On one hand, making demos and achieving mass production are two completely different capability systems. Getting one prototype to work is one thing; having ten thousand products perform consistently in real-world scenarios tests manufacturing consistency, supply chain resilience, scenario generalization ability, and operational systems. These have little to do with AI algorithms, but each is enough to halt a batch of players. On the other hand, real-world data collection is expensive, time-consuming, and has limited coverage, which almost predestines that large-scale training for Physical AI will heavily rely on synthetic data.

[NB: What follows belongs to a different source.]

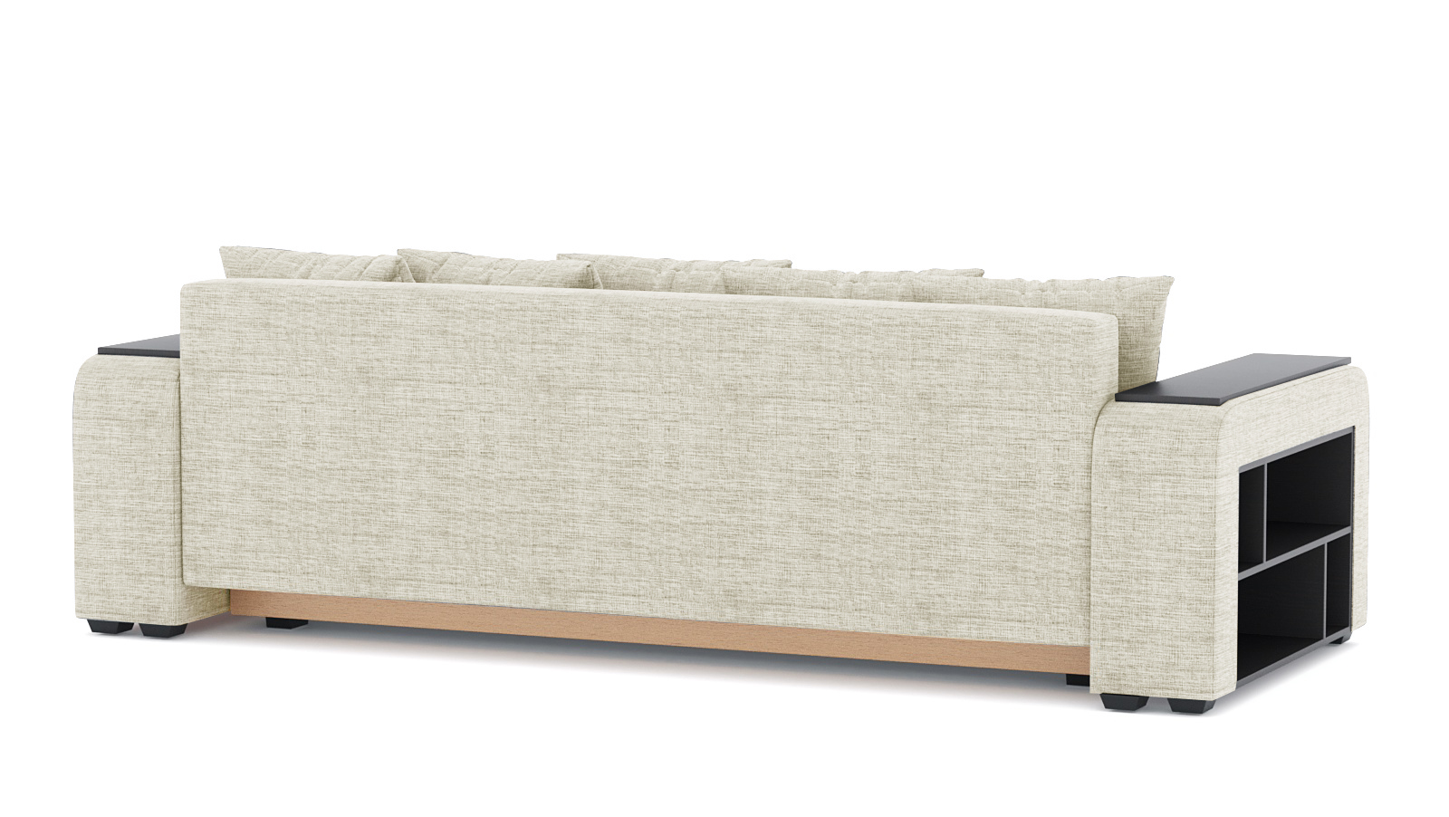 Механизм трансформации-еврокнижка. Наполнение пружинный блок+высокоэластичный ППУ. Каркас ДСП, ДВП, ЛДСП, фанера, брус хвойных пород. Полка ЛДСП только в одном подлокотнике. Ящик для белья-есть. Чехлы подушек-несъемные, наполнение крошка ППУ. Спальное место 2000х1600. Высота сиденья 430мм. Глубина сиденья без подушек 880мм. В комплекте 5 больших подушек и 2 декоративные.

At the same time, from automotive supply chains and traditional industrial automation to consumer electronics manufacturing, industries that seem unrelated to "AI" are accelerating their entry into Physical AI through technology spillover. Their manufacturing capabilities, supply chain management experience, and scenario resources might be the key variables determining the speed of Physical AI's practical application.
An intuitive judgment is this: look back at the AI wave ignited by ChatGPT in early 2023. The ones who captured the most value weren't the model makers, but the infrastructure providers. Will this wave of Physical AI replay the same script?
NVIDIA's moves suggest it's betting on this direction, but the story isn't finished. 2026 is the first year of the deployment phase; industrial competition has just begun. Looking back three years from now, which names are still at the table and which have been eliminated might surprise most people.